The Naughty List Bundle - Kylie Adams [259]
She ran to keep up with him as he headed inside. Thankfully it had stopped raining, but the air felt too cool and still too damp. Water dripped from every tree, shrub and building. He felt a bit chilled. Or at least he had moments ago, before he’d noticed that the night air had caused her nipples to tighten.
He wouldn’t look at her there again.
Once inside, he made his way to the waiting room, where he assumed he’d find his uncles. His stride was long, a little too fast, but a small smile curled his mouth as he remembered Gabe relaying the evening’s events. His uncle Jordan in a fight? It sounded absurd, although he’d grown up hearing stories of the few occasions when Jordan had lost it, giving into his fierce temper. It wasn’t something Casey had ever seen, but he’d believed it was possible.

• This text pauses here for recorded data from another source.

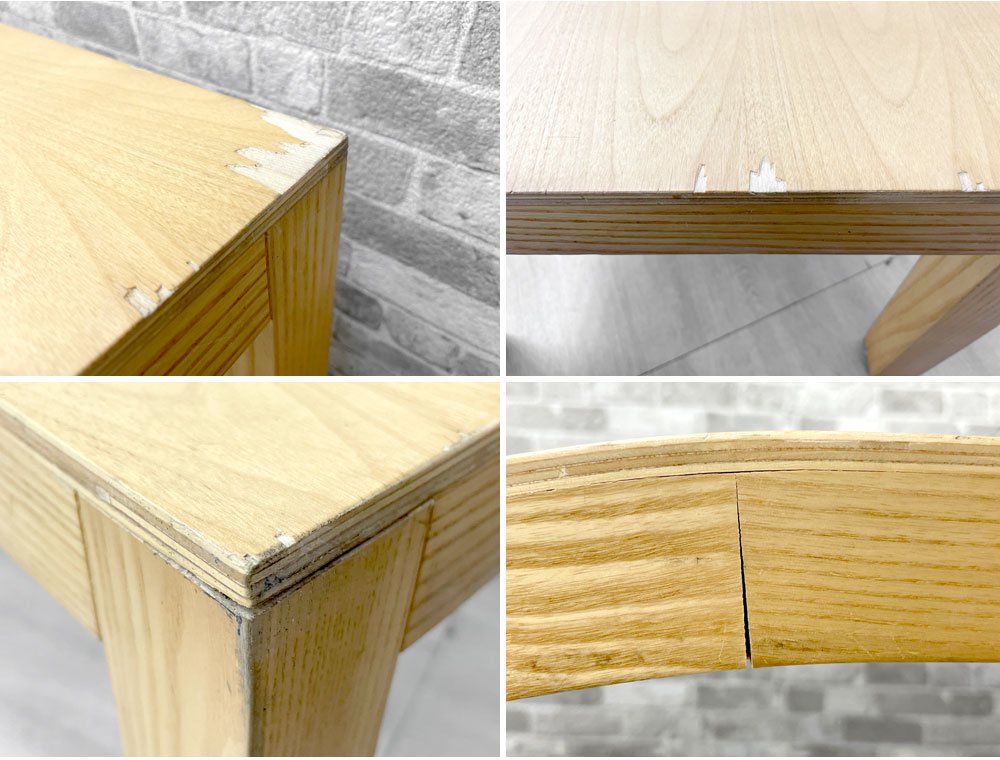 天板に突板の剥がれが多数あり、線傷や取り切れない汚れも側面にございます。斜めになる部分の接合部分には隙間が生じており、ぐらつきはないものの、やや目立つものとなっております。
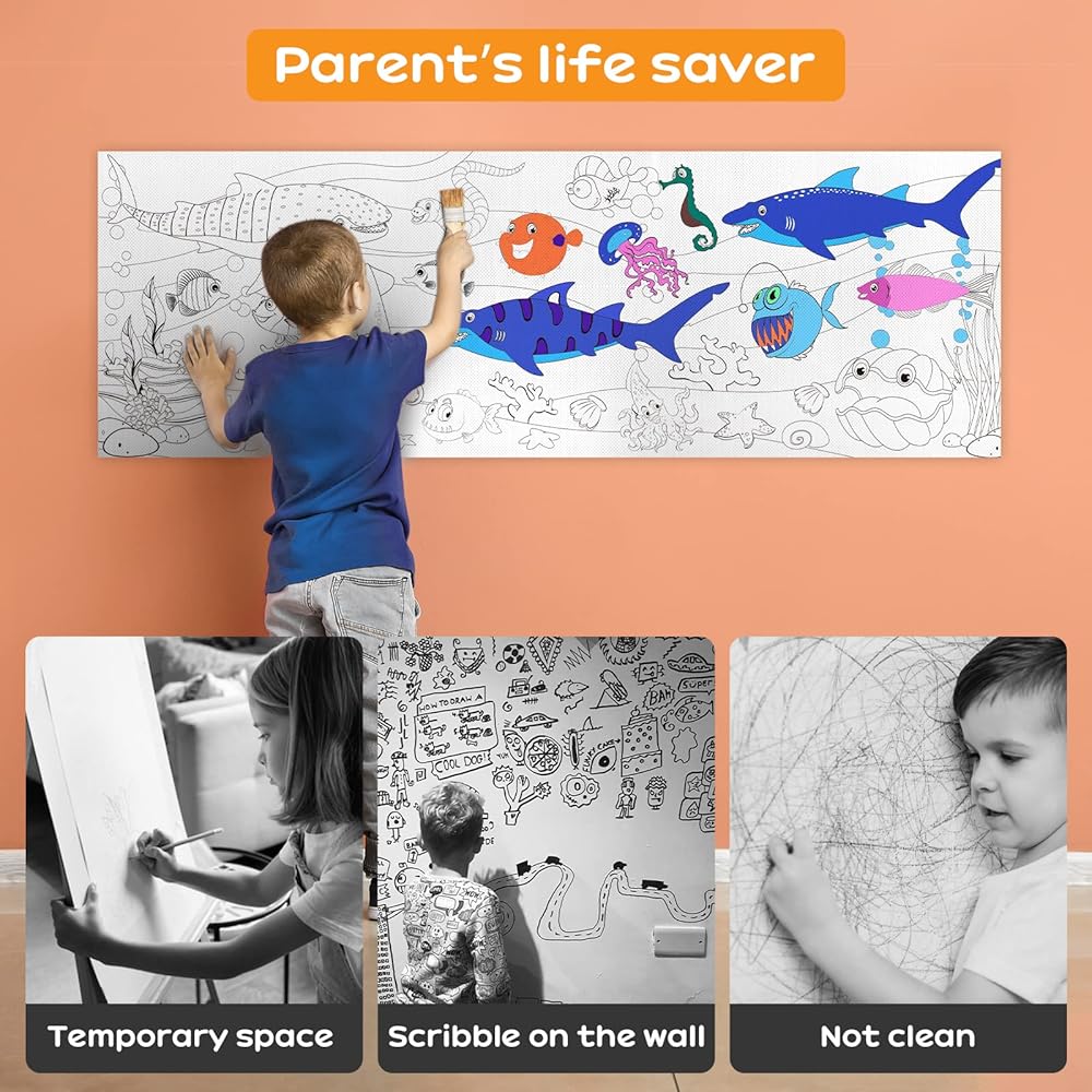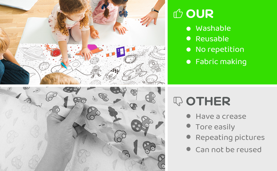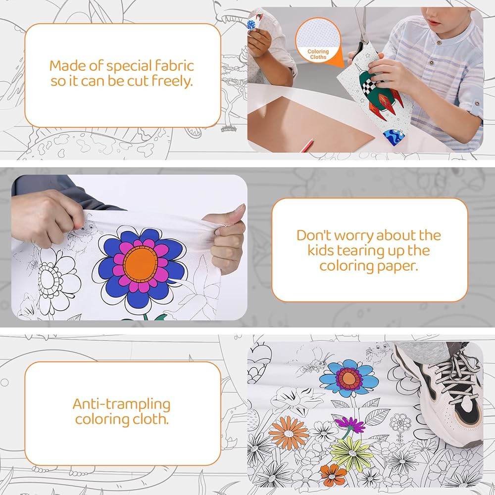【خامة عالية الجودة】 مصنوعة من قماش عالي الجودة، لا مزيد من القلق بشأن تمزيق طفلك والدوس عليه لتحسين تجربة الرسم لدى طفلك. كما يوفر السطح الناعم والأملس مصدرًا ممتازًا للتصميم والأعمال الفنية.
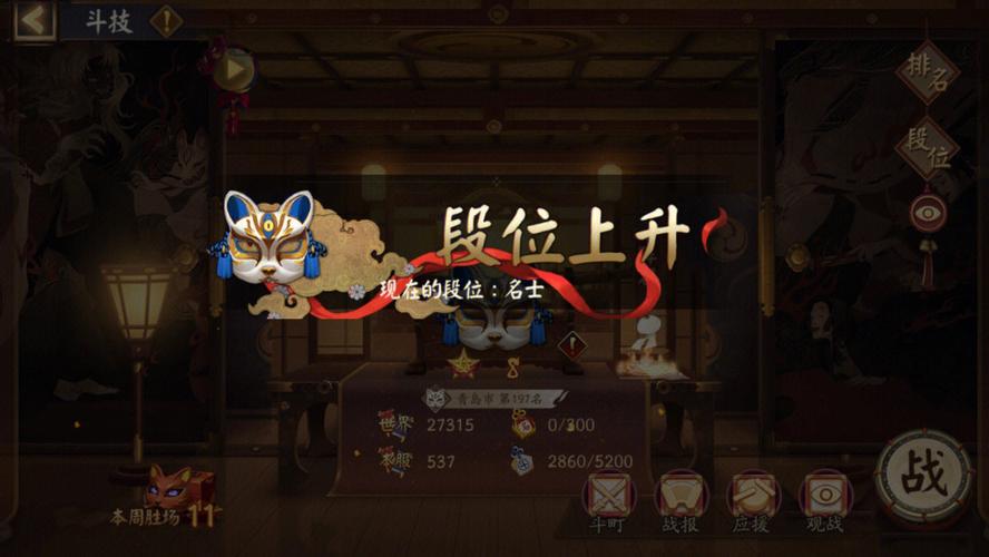 初始段位为1段,每周一自动下降一段(最低为1段),且段位不同,荣誉上限与奖励也不同,比较高为8段,可获得300勾玉与20张皮肤卷的奖励。每周一,这些奖励将通过邮箱发送到玩家手中。在组队时,玩家可通过对面阴阳师主角带的面具来判断对方的段位,面具颜色越深,表示对手越强大。

Jordan was just so…intense. Especially about things he really believed in.
Or people he cared about.
Casey rounded the corner to the open waiting area and stopped short at the sight of Jordan with a little boy sound asleep in his lap. There was a chocolate mustache on the kid, and he was snoring softly. Casey grinned. Jordan had a poleaxed expression on his face, as if deep in thought.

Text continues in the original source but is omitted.